This project provides for querying and direct browsing of portions of the Common Crawl. It uses the Common Crawl Url-Index, specifically the commoncrawlindex python library and extends the pywb (python wayback) project to provide web archive browsing capabilities for the Common Crawl.
This extension allows direct browsing of Common Crawl Web Data that has been indexed.

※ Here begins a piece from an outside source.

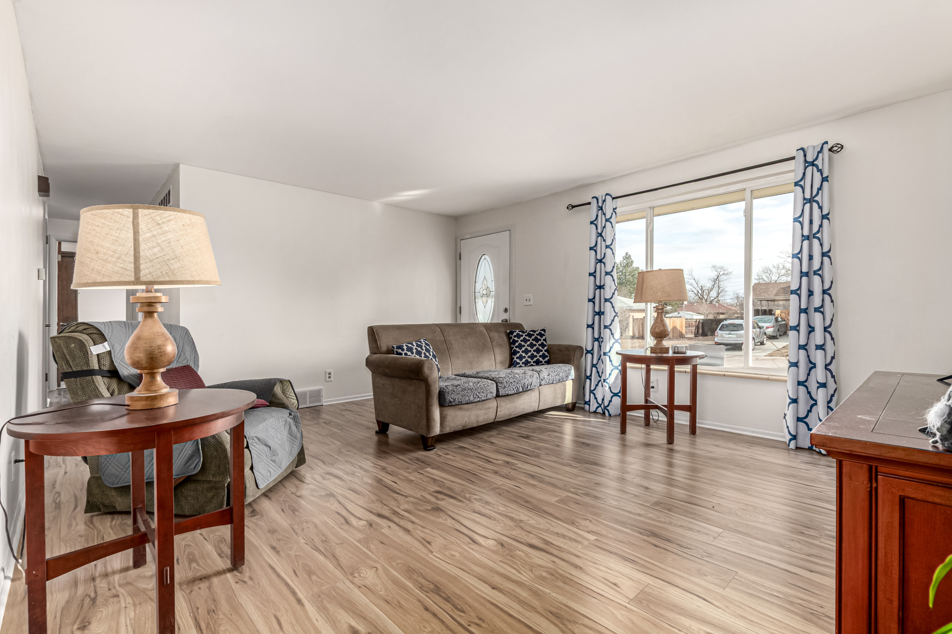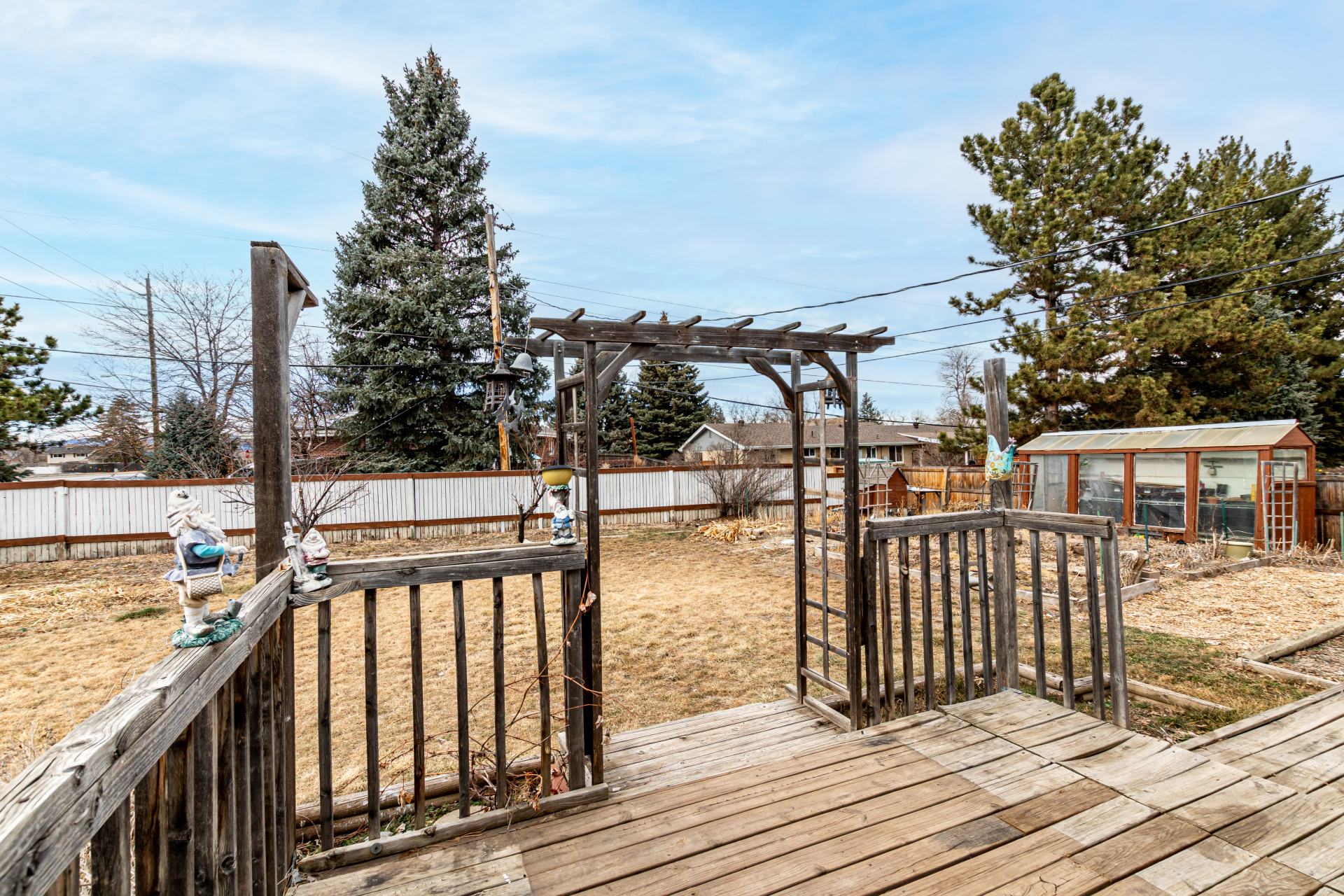 Stunning Updated Ranch in Broadway Estates – 6691 S Wellington Court, Centennial, CO 80121. Spacious single-family home offering 4 bedrooms and 2 baths across 2,184 sq ft on a generous 9,081 sq ft lot in highly desirable Centennial, just minutes from parks, shopping, and dining. Step inside to a bright, remodeled interior featuring new laminate flooring in the living room and hall, new carpet in two bedrooms, and a kitchen upgraded with quartz countertops, stainless-steel appliances, upgraded cabinets, pot lights, and sliding glass access to the two-tier deck — perfect for indoor-outdoor living and entertaining. The finished basement adds flexible living space, and the large, fully fenced backyard with mature plum trees, lilac and Russian sage bushes, gardens and raised beds offers privacy and endless outdoor potential. Classic brick ranch exterior with central air, forced air heat, one covered parking space, and room to add a garage make this home both functional and stylish.

At this time, it appears that the url-index is only partial and a lot of non-text content may be missing.
Install with pip:
pip install -r requirements.txt
This will install pywb and other dependencies.
There are a few quick run scripts:
./run.sh
-- run with wsgi ref./run-uwsgi.sh
-- run with uwsgi (must have uwsgi installed, eg:pip install uwsgi
)./run-gunicorn.sh
-- run with gunicorn (must have gunicorn install, eg:pip install gunicorn
)
To run tests against live index (must have py.test installed, eg: pip install pytest
)
./run-tests.sh
This browser follow standard wayback machine url conventions: For example, to see a list of captures for ask.metafilter.com you can point your browser to:
http://localhost:8080/commoncrawl/*/http://ask.metafilter.com
You can also view captures for all urls starting with a given prefix by using the wildcard query:
http://localhost:8080/commoncrawl/*/http://ask.metafilter.com*
There is also a lower-level api for fetching the index in plain-text format:
http://localhost:8080/commoncrawl-index?url=http://ask.metafilter.com&matchType=host
(This query converts the Common-Crawl Index into a text CDX-like index. Additional options to be added at a later time.)
See the cci-config.yaml file for configuration info specific to this deployment.
See the pywb github page project for more details and documentation of pywb wayback implementation.